Exercise brief.
From the entries below, return only the lines starting at the one that contains "各组以不同的形式,不同的视角" and ending at the one that contains "Highland Cow in", exactly as they stand.

Stored data.

# # #

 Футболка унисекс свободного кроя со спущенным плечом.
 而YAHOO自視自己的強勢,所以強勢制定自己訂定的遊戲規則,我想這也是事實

# # #

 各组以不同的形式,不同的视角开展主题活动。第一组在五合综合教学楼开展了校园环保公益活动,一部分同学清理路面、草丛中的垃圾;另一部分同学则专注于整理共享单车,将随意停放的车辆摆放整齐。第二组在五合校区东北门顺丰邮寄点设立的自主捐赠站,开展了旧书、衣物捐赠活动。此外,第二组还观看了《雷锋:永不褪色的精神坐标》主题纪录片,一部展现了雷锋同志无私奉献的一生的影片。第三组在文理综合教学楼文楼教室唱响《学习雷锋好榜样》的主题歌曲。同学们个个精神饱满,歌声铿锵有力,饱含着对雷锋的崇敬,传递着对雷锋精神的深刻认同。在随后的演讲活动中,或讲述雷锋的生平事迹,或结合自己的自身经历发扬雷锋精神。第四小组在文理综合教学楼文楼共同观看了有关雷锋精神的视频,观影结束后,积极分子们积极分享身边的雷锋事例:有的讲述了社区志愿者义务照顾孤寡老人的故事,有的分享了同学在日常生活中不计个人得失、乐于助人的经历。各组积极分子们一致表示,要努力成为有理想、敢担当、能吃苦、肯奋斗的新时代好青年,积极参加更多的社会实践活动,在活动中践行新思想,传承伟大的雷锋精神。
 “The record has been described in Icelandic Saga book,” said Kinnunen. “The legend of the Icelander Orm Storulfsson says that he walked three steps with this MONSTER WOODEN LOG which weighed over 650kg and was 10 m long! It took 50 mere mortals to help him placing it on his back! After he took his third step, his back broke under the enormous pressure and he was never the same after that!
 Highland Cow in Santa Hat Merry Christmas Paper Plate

# # #

Expected answer.
 各组以不同的形式,不同的视角开展主题活动。第一组在五合综合教学楼开展了校园环保公益活动,一部分同学清理路面、草丛中的垃圾;另一部分同学则专注于整理共享单车,将随意停放的车辆摆放整齐。第二组在五合校区东北门顺丰邮寄点设立的自主捐赠站,开展了旧书、衣物捐赠活动。此外,第二组还观看了《雷锋:永不褪色的精神坐标》主题纪录片,一部展现了雷锋同志无私奉献的一生的影片。第三组在文理综合教学楼文楼教室唱响《学习雷锋好榜样》的主题歌曲。同学们个个精神饱满,歌声铿锵有力,饱含着对雷锋的崇敬,传递着对雷锋精神的深刻认同。在随后的演讲活动中,或讲述雷锋的生平事迹,或结合自己的自身经历发扬雷锋精神。第四小组在文理综合教学楼文楼共同观看了有关雷锋精神的视频,观影结束后,积极分子们积极分享身边的雷锋事例:有的讲述了社区志愿者义务照顾孤寡老人的故事,有的分享了同学在日常生活中不计个人得失、乐于助人的经历。各组积极分子们一致表示,要努力成为有理想、敢担当、能吃苦、肯奋斗的新时代好青年,积极参加更多的社会实践活动,在活动中践行新思想,传承伟大的雷锋精神。
 “The record has been described in Icelandic Saga book,” said Kinnunen. “The legend of the Icelander Orm Storulfsson says that he walked three steps with this MONSTER WOODEN LOG which weighed over 650kg and was 10 m long! It took 50 mere mortals to help him placing it on his back! After he took his third step, his back broke under the enormous pressure and he was never the same after that!
 Highland Cow in Santa Hat Merry Christmas Paper Plate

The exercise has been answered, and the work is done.